I'm not a fucking satellite or radio Antenna! If I were sending out signals they wouldn't even be received on his planet.

I don't speak his fucking language!.

He thinks that things are too weird for us to be friends. He says that he isn't attracted to his other friends the way he's attracted to me. Oh, give me a break! For Petes' sake! (Which reminds me, Pete won't talk to me now that he's got a real girlfriend.) Maybe I'm just pissed because this isn't the first time I have tried to keep guys as friends and it didn't work out. I'm tired of wasting my time. I should cut all my guy friends off while I'm still ahead.?

I try to think of any signals I would have sent in the past. The only thing I could think of were things that had happed in the past. When we would have first started hanging out again...How I had taken him out to dinner a few times.
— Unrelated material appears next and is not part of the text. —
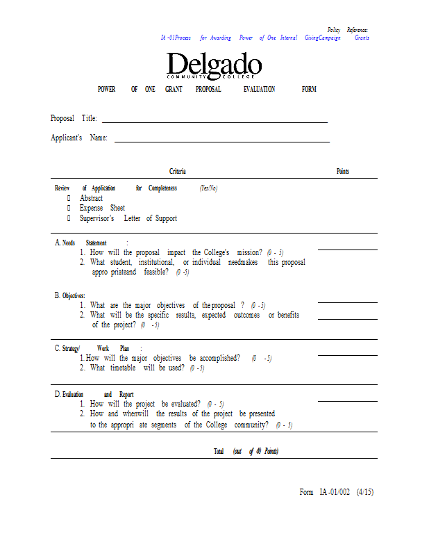 Version 1 IA-01/002 Power of One Grant Proposal Evaluation Form
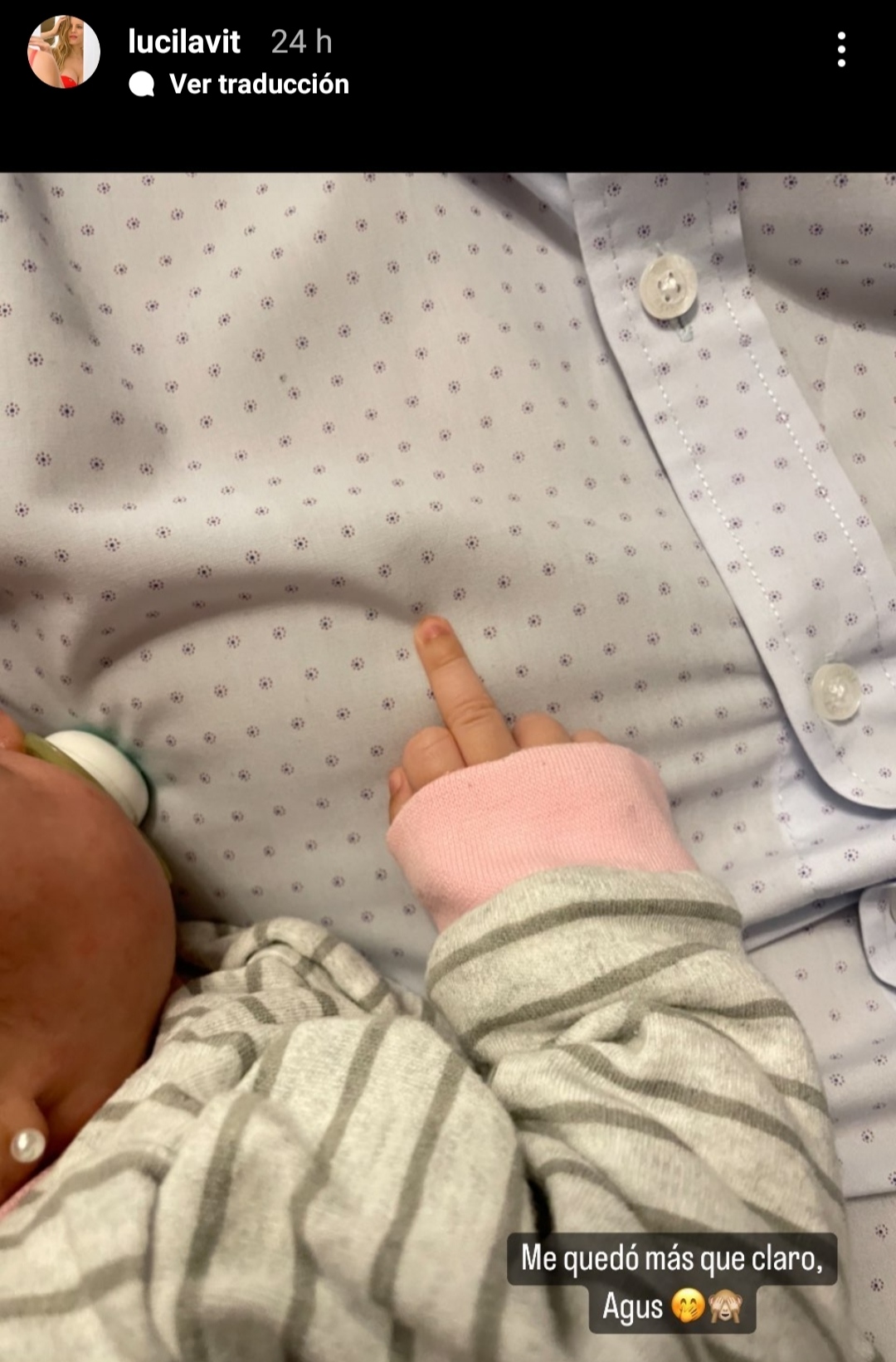 "Me quedó más que claro Agus 🤭🙈", escribió la influencer al compartir una imagen de la niña levantado el dedo medio, también conocido como dedo del insulto, en lenguaje elegante.

I take Heidi out to dinner twice a week. She doesn't feel like things are getting WEIRD!. She doesn't feel like I'm "broadcasting" a mating call in her direction....what the fuck is going on!

Signals?........

Was it the fact that he stole scrubs from the hospital for me? The foot rubs on the couch? Telephone converstaions? Or the fact that my parents don't hate him? Was it watching friends on tv together? The way I told him he looked more like Ross on friends than Ben Affleck, The long drives to absolutely no where listening to great music, While we never had a "make-out session", Was it the fact that he stuck by me through my dads' surgery, through one of the toughest times of my life? What kind of signals are flowing through his head right now, even if any of that stuff in the past meant anything to him, that was months ago!

I didn't ask him to a freaking wedding! It was a CONCERT!!!!!!!!

I'm so much happier when my guy friends don't stress about their relationships. I have plenty of guy friends who can handle girlfriends and friends...the boundaries between the two are not confusing at all...

This whole fight could have been prevented if he could deal with his own inner struggles to make everyone and everything make sense all of the time.....For crying out LOUD! I probably would cry out loud if I had something to cry about. I just feel like hitting some balls in the batting cage! I'm filled with so much rage...

I've got news for the world!!....

I don't send smoke signals or Morse code! I don't have a satellite hanging out of my forehead!

I don't speak a foreign language, and I don't send subliminal messages through my eye lashes!!

I can speak my mind, and deal with my own emotions without dragging anyone else down with me....

Here's my fucking signal!...even better, I will leave the world with a huge yellow sign, it says;

"YIELD!"

Don't try to figure me out, you will only cause yourself to feel unwanted frustration!